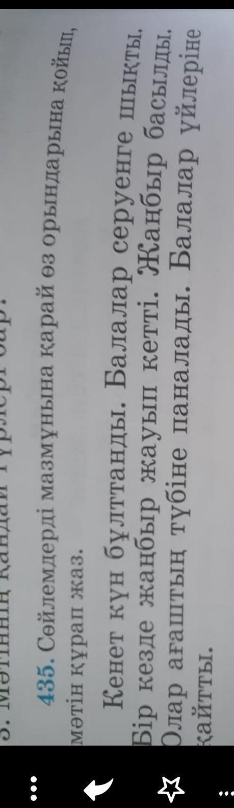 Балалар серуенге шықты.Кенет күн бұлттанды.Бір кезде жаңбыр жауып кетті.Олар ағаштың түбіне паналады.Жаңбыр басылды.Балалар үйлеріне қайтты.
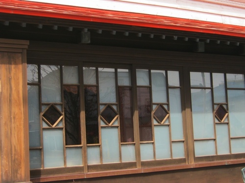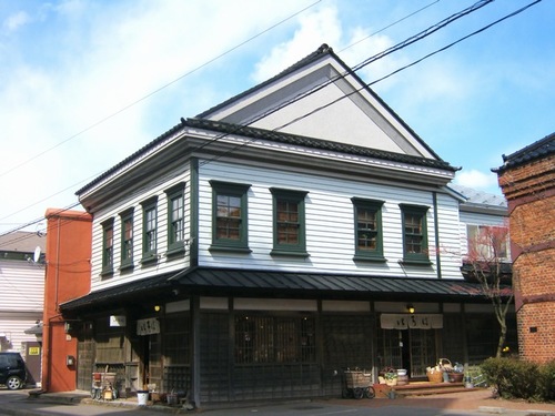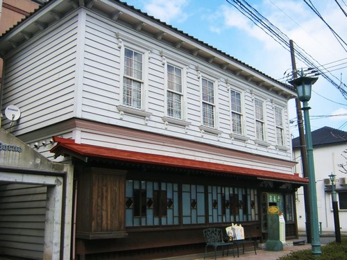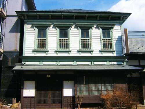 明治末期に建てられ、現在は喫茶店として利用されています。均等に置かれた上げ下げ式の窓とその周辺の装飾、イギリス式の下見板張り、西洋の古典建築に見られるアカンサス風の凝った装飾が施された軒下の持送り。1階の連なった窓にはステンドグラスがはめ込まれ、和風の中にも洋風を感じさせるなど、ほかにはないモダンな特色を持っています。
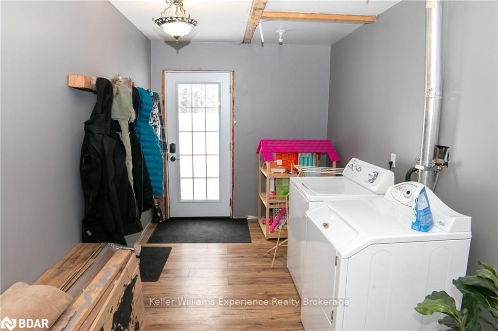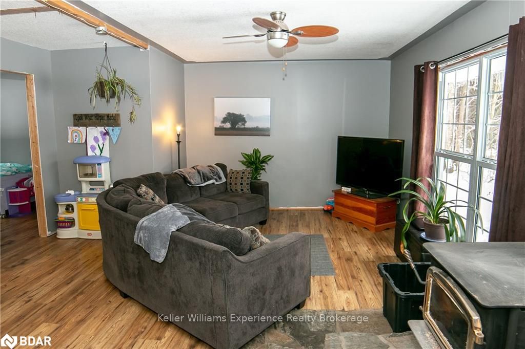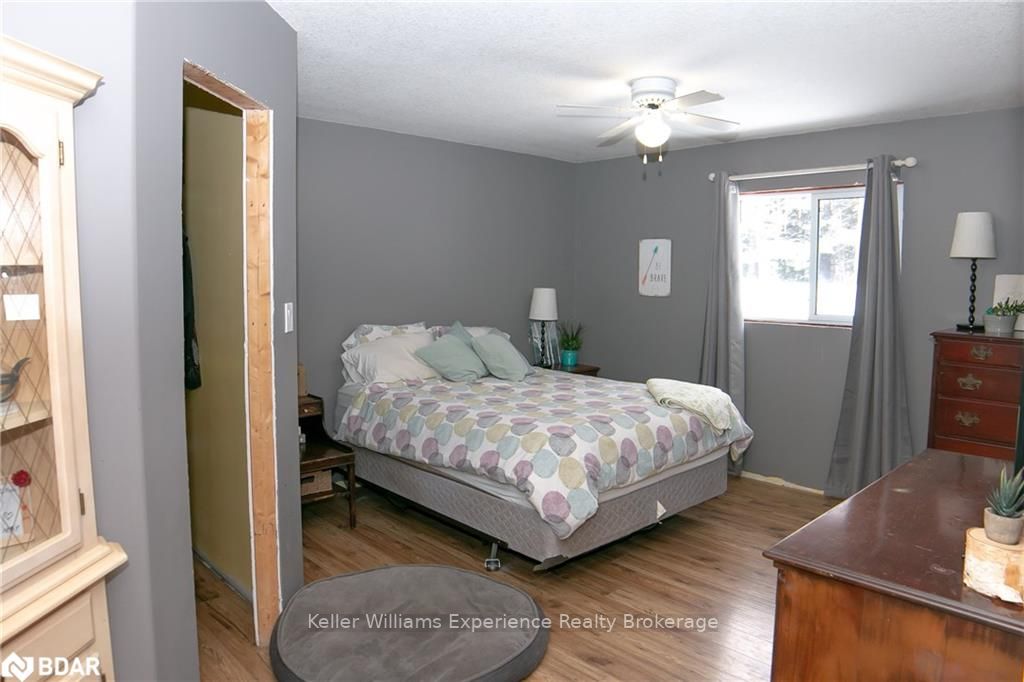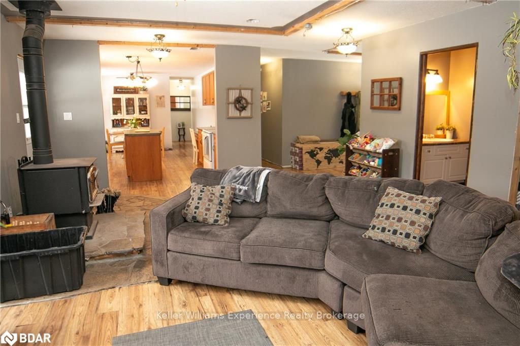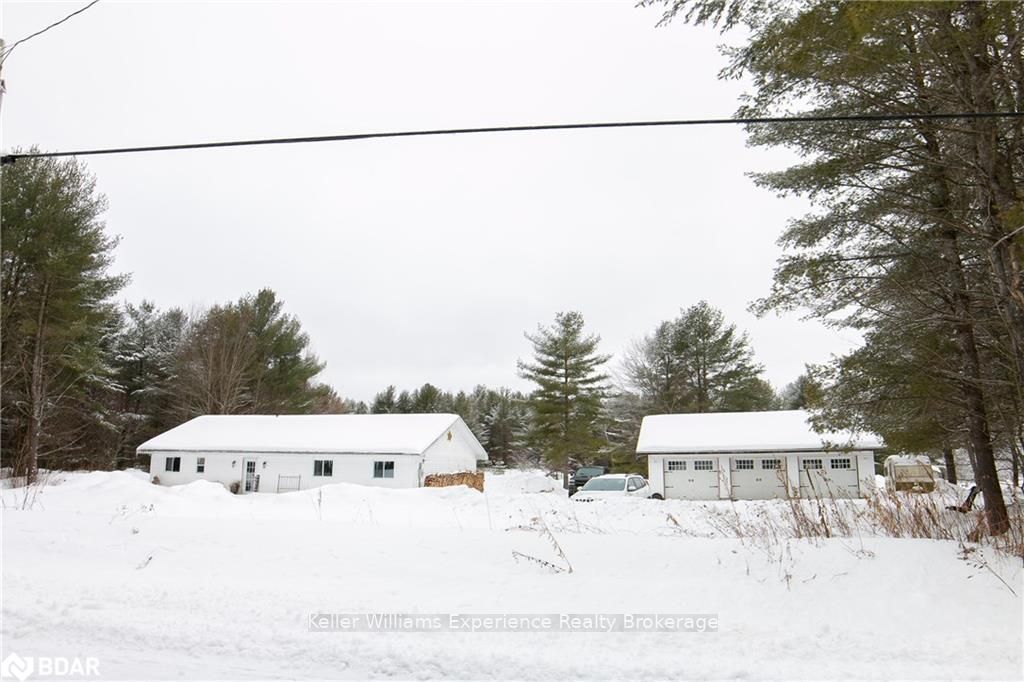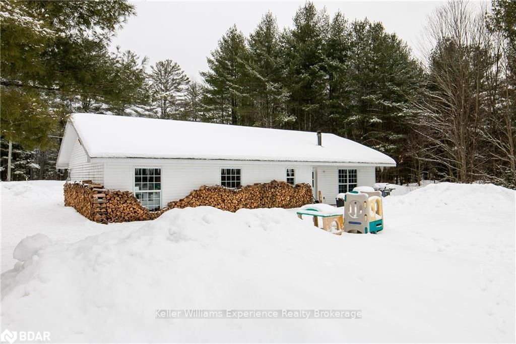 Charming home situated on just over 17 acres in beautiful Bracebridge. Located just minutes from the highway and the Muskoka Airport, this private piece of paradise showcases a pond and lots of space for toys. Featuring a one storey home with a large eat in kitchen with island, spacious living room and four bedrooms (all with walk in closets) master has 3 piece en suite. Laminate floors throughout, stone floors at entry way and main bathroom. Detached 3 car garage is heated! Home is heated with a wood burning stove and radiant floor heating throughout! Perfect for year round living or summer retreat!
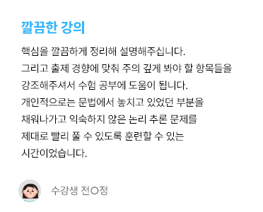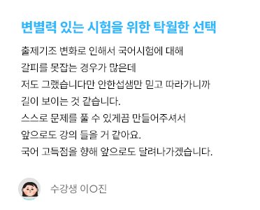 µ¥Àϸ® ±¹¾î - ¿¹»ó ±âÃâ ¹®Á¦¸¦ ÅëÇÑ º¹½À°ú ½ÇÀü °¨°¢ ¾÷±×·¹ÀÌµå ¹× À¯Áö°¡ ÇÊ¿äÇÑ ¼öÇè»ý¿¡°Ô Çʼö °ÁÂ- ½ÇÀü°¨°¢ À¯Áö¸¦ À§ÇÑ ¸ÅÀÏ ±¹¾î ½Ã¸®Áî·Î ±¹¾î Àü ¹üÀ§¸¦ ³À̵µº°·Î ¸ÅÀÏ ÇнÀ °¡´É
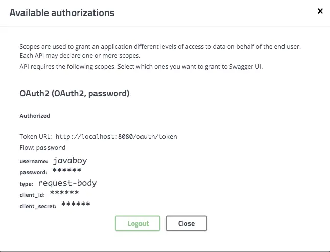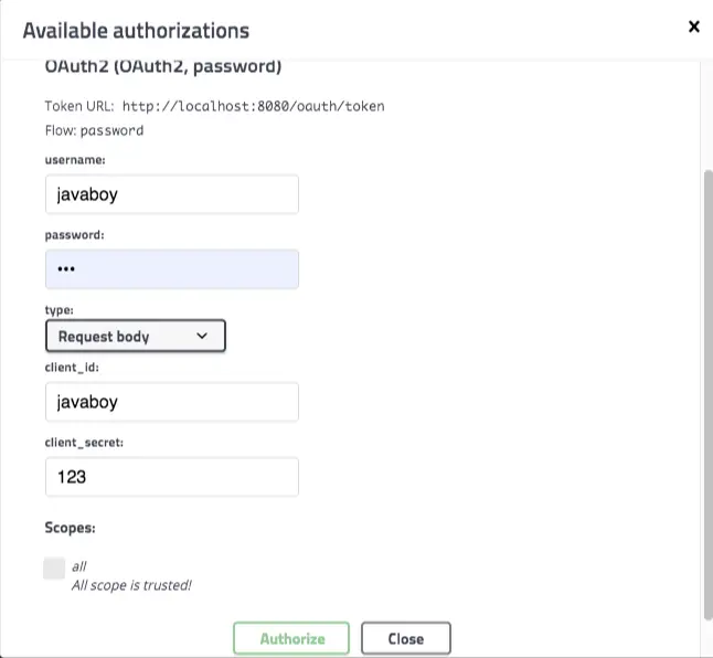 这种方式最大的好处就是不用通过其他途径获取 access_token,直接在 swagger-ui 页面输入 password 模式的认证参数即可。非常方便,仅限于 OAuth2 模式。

────────────────

== Work order ==
Please print the entire listing again exactly, minus its images.

== Answer section ==
 Балалар серуенге шықты.Кенет күн бұлттанды.Бір кезде жаңбыр жауып кетті.Олар ағаштың түбіне паналады.Жаңбыр басылды.Балалар үйлеріне қайтты.
 明治末期に建てられ、現在は喫茶店として利用されています。均等に置かれた上げ下げ式の窓とその周辺の装飾、イギリス式の下見板張り、西洋の古典建築に見られるアカンサス風の凝った装飾が施された軒下の持送り。1階の連なった窓にはステンドグラスがはめ込まれ、和風の中にも洋風を感じさせるなど、ほかにはないモダンな特色を持っています。
 Charming home situated on just over 17 acres in beautiful Bracebridge. Located just minutes from the highway and the Muskoka Airport, this private piece of paradise showcases a pond and lots of space for toys. Featuring a one storey home with a large eat in kitchen with island, spacious living room and four bedrooms (all with walk in closets) master has 3 piece en suite. Laminate floors throughout, stone floors at entry way and main bathroom. Detached 3 car garage is heated! Home is heated with a wood burning stove and radiant floor heating throughout! Perfect for year round living or summer retreat!
 µ¥Àϸ® ±¹¾î - ¿¹»ó ±âÃâ ¹®Á¦¸¦ ÅëÇÑ º¹½À°ú ½ÇÀü °¨°¢ ¾÷±×·¹ÀÌµå ¹× À¯Áö°¡ ÇÊ¿äÇÑ ¼öÇè»ý¿¡°Ô Çʼö °ÁÂ- ½ÇÀü°¨°¢ À¯Áö¸¦ À§ÇÑ ¸ÅÀÏ ±¹¾î ½Ã¸®Áî·Î ±¹¾î Àü ¹üÀ§¸¦ ³À̵µº°·Î ¸ÅÀÏ ÇнÀ °¡´É
 这种方式最大的好处就是不用通过其他途径获取 access_token,直接在 swagger-ui 页面输入 password 模式的认证参数即可。非常方便,仅限于 OAuth2 模式。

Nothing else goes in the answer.